31 Persen Pelajar di NTT Terserang Malaria

id Malaria

31 Persen Pelajar di NTT Terserang Malaria

Kepala Dinas Kesehatan Nusa Tenggara Timur Kornelius Kodi Mete

Dinas Kesehatan Provinsi Nusa Tenggara Timur mencatat 31 persen kasus malaria di NTT menyerang para pelajar atau anak-anak usia sekolah di daerah itu sejak tahun 2016.
Kupang (Antara NTT) - Dinas Kesehatan Provinsi Nusa Tenggara Timur mencatat 31 persen kasus malaria di NTT menyerang para pelajar atau anak-anak usia sekolah di daerah itu sejak tahun 2016.

Kepala Dinas Kesehatan Provinsi NTT Kornelius Kodi Mete di Kupang, Jumat, menyebutkan jumlah kasus malaria yang terjadi di provinsi kepulauan itu pada 2016 mencapai 29.000 kasus.

Selain menimpa para pelajar, penyakit yang disebabkan oleh plasmodium yang disebarkan oleh nyamuk anopheles betina itu juga melanda para balita di daerah itu sebanyak 18 persen dan ibu hamil dua persen.

Menurutnya, tingginya kasus malaria menjadi beban kesehatan masyarakat, terutama kelompok rentan dan berisiko tinggi (ibu hamil, bayi dan balita).

Kornelius mengatakan, penyebaran penyakit malaria itu terdapat di 22 kabupaten/kota dengan tingkat endemisitas bervariasi, namun terdapat tujuh kabupaten yang tingkat endemisitasnya lebih tinggi atau stadium merah yakni semua kabupaten se-daratan Pulau Sumba, Kabupaten Lembata, Belu, dan Ende.
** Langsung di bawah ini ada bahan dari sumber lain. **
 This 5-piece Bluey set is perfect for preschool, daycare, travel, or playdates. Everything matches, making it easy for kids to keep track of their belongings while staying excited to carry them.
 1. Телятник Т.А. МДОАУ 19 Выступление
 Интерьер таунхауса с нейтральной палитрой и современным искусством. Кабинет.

Sisanya, kata dia, sekitar sembilan kabupaten memiliki endemis sedang atau stadium kuning, dan yang lainnya endemis rendah atau stadium hijau, artinya belum ada satu daerah pun di NTT yang betul-betul bebas dari malaria atau stadium putih.

Tingginya penyebaran penyakit yang berdampak pada kesakitan dan kematian itu menempatkan NTT tercatat sebagai daerah penyumbang malaria terbesar di Indonesia pada urutan ketiga setelah Provinsi Papua dan Papua Barat.
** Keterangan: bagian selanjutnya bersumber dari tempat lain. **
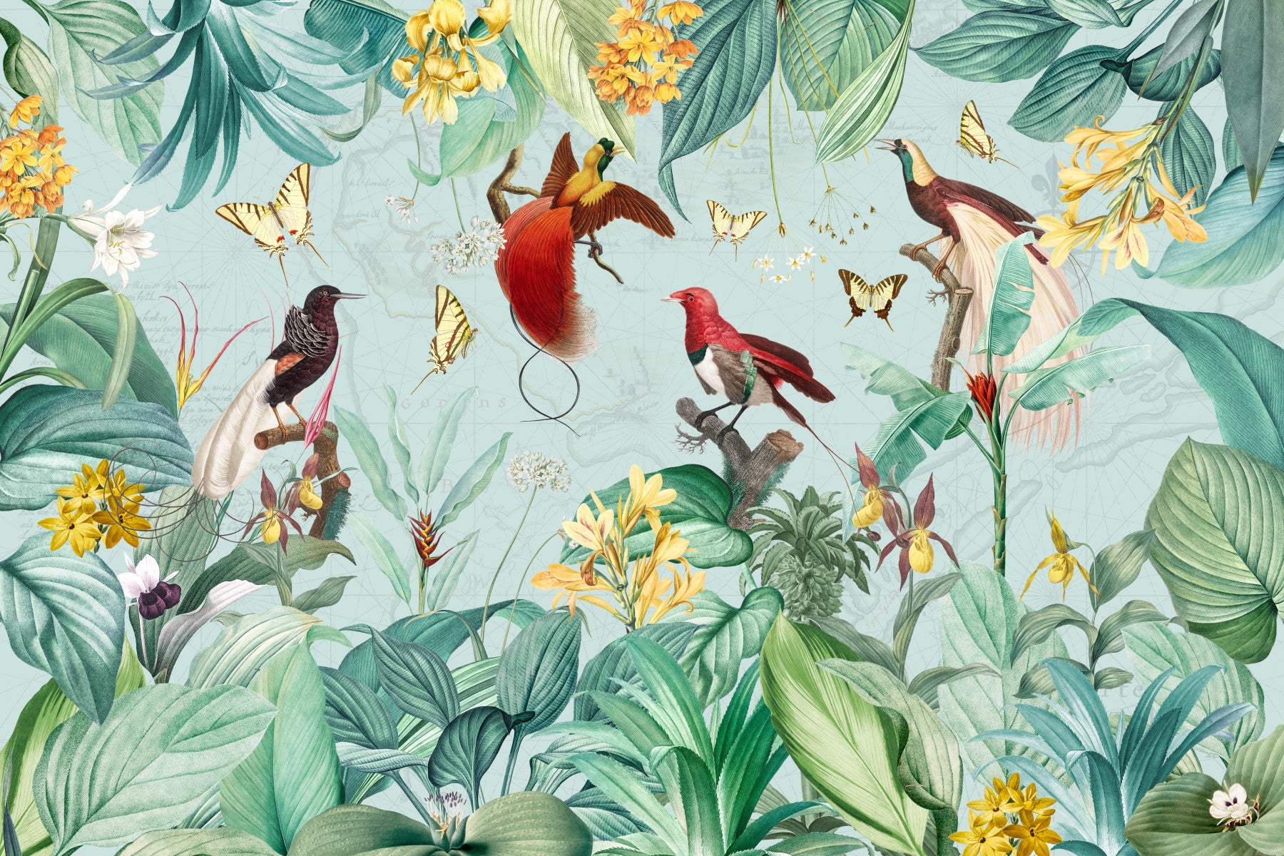 Dette fantastiske tapet har en betagende vifte af livlige tropiske fugle og frodige løv. De detaljerede illustrationer af Birds of Paradise, i deres fulde pragt, er et midtpunkt i dette design, der er suppleret med forskellige andre aviære arter. Baggrunden af ​​et kort i antik stil tilføjer et lag af intriger og eventyr, der fremkalder en følelse af udforskning og opdagelse. De rige greener, røde, gule og bleg blues skaber en harmonisk og sofistikeret farvepalet, der udstråler varme og ro. Perfekt til at skabe en fængslende og luksuriøs atmosfære i ethvert rum, dette tapet lover at omdanne dit værelse til en pulserende og fordybende flugt til et tropisk paradis. Dets kunstneriske design gør det til et udsagnsstykke ideelt til stuer, soveværelser eller gange, der transporterer seerne til en verden af ​​livlig skønhed og naturligt vidunder.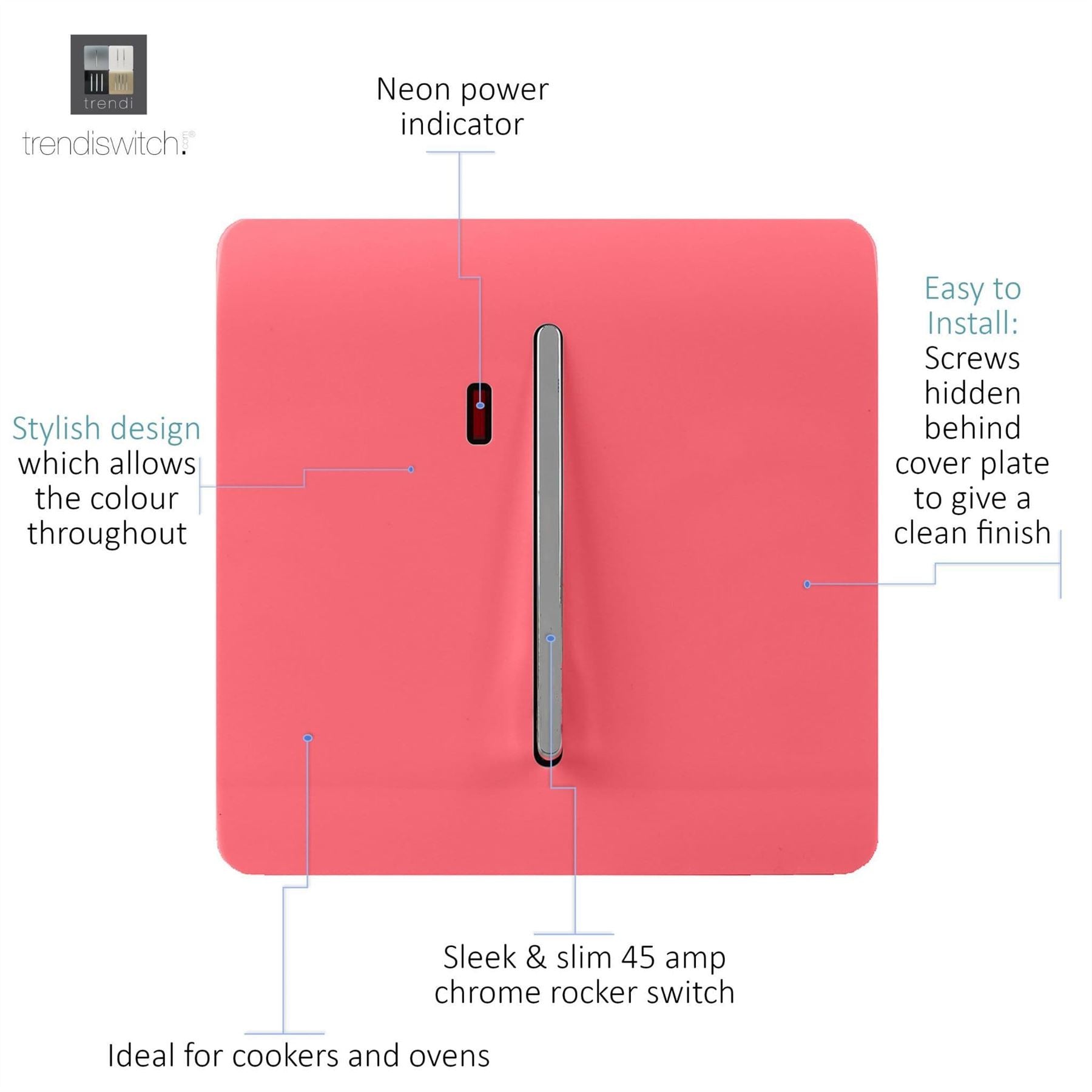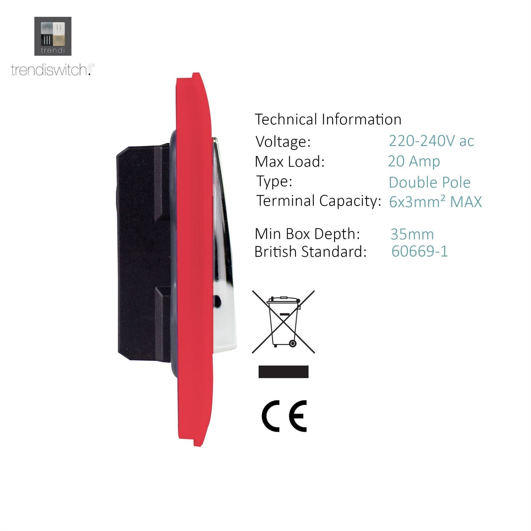 Trendi Artistic Modern Glossy 20 A Tactile Light Switch & Neon Insert Strawberry

Menurut Kornelis, meskipun berbagai upaya penanganan telah dilakukan dan sudah menurunkan angka penderita malaria yang tercatat dari 2006-2016 mencapai 74,9 persen, namun kenyataannya penyakit tersebut terus menyerang masyarakat di daerah itu dengan cepat.
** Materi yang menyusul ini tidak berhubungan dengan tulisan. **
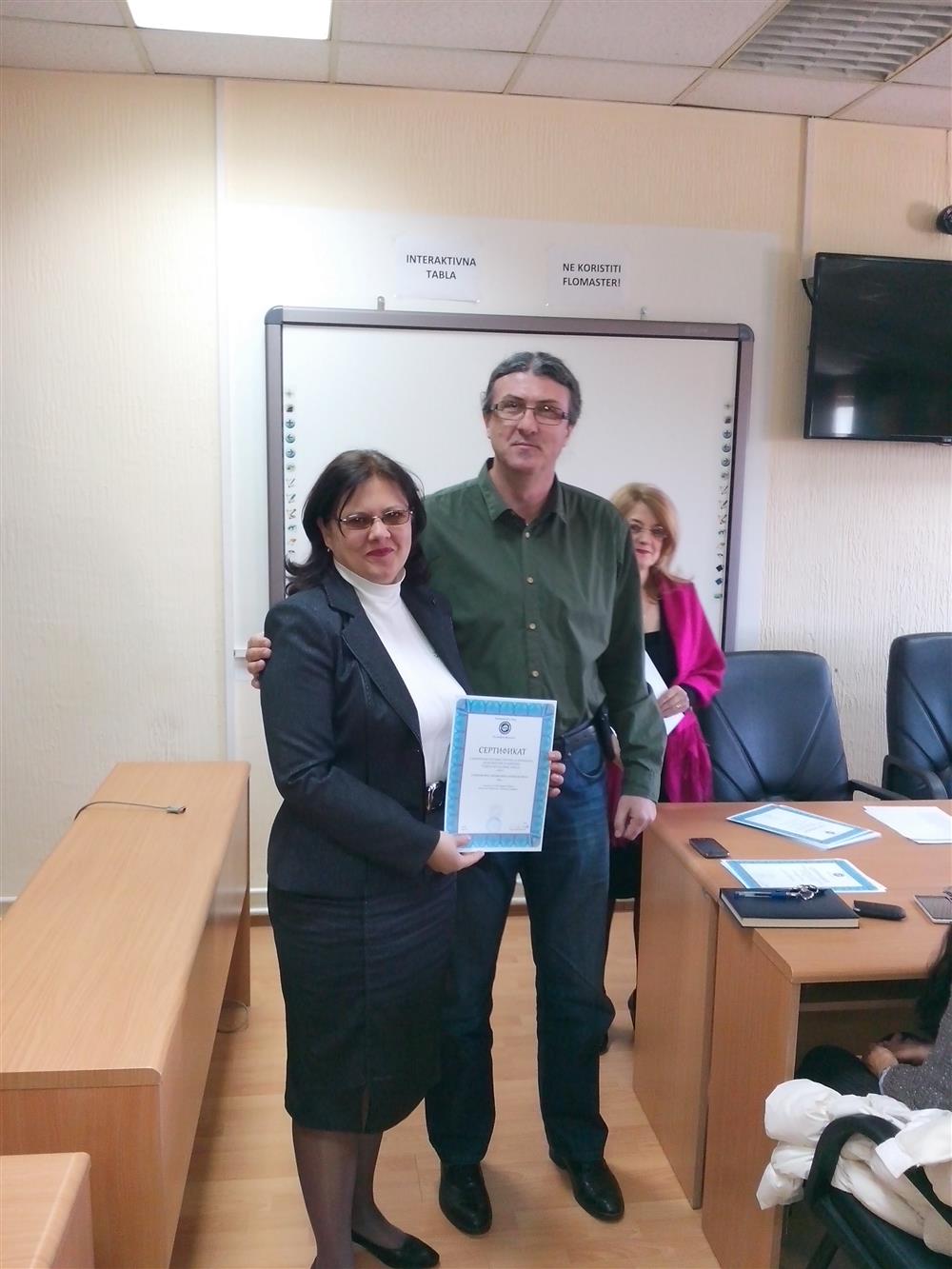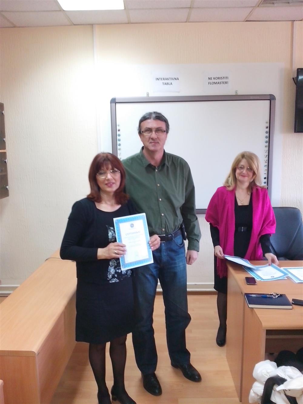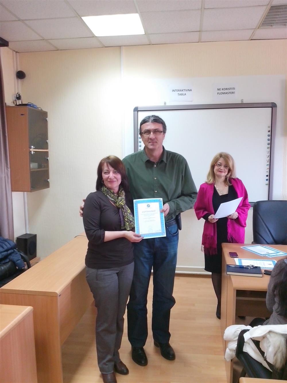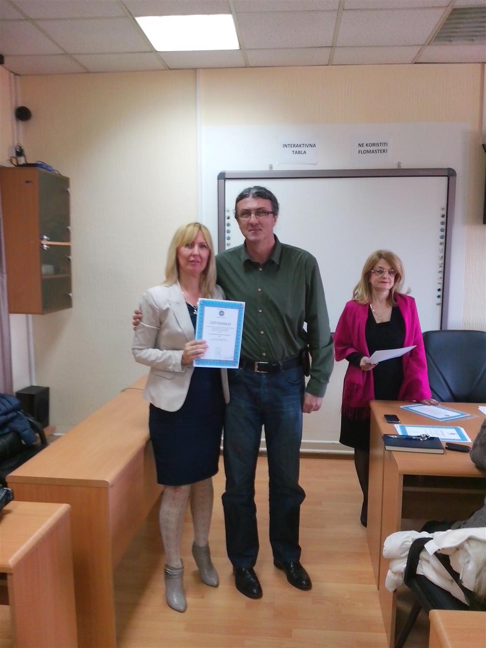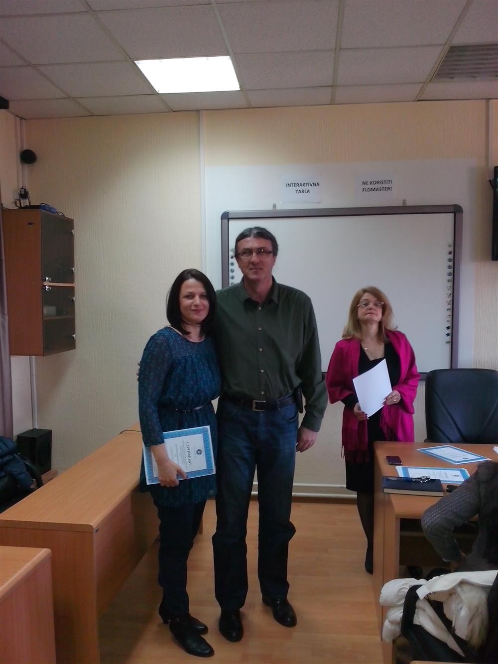 У суботу (4. априла), декан Филозофског факултета, проф. др Горан Максимовић, заједно са колегиницама из Центра за образовање наставника (проф. др Марина Јањић, доц. др Јелена Максимовић и доц. др Гордана Ђигић), доделио је сертификате за успешно завршен семинар за менторску обуку наставника, који је реализован на Филозофском факултету у Нишу у току зимског семестра школске 2014-15. године.

"Jadi meskipun tingkat endemisitas di setiap kabupaten berbeda tapi, baik yang stadium tinggi, sedang, atu rendah, tetaplah malaria bisa menyebar dengan cepat selama plasmodium itu ada pada nyamuk dan menyerang manusia," katanya.

Untuk itu, menurutnya, langka penanganan perlu dilakukan secara masif melibatkan berbagai elemen baik pemerintah melalui dinas terkait, swasta, LSM, sekolah-sekolah, hingga masyarakat di desa-desa.

Ia mengatakan, pemerintah setempat telah berkomitmen untuk membebaskan NTT dari malaria hingga 2023 mendatang.

Dari aspek kebijakan, katanya, langkah itu telah didukung dengan peraturan yang telah digodok dan segera diterbitkan melalui Peraturan Gubernur NTT Tahun 2017 Tentang Eliminasi Malaria di Provinsi NTT Tahun 2023.

"Bapak Gubernur sudah berkomitmen dan telah menandatangani Pergub tersebut sehingga nanti tinggal kita tunggu dan ikut langkah-langah selanjutnya, termasuk kita konsultasikan juga dengan pemangku kebijakan di daerah karena ada daerah yang sudah memiliki Perda tentang Nyamuk," katanya.

Kornelis pun mengimbau agar masyarakat di daerah itu terus mewaspadai penularan penyakit malaria dengan melakukan berbagai langkah-langkah sederhana secara rutin seperti membersihkan sarang nyamuk, membunuh jentik-jentik, dan sebisa mungkin menghindari gigitan nyamuk.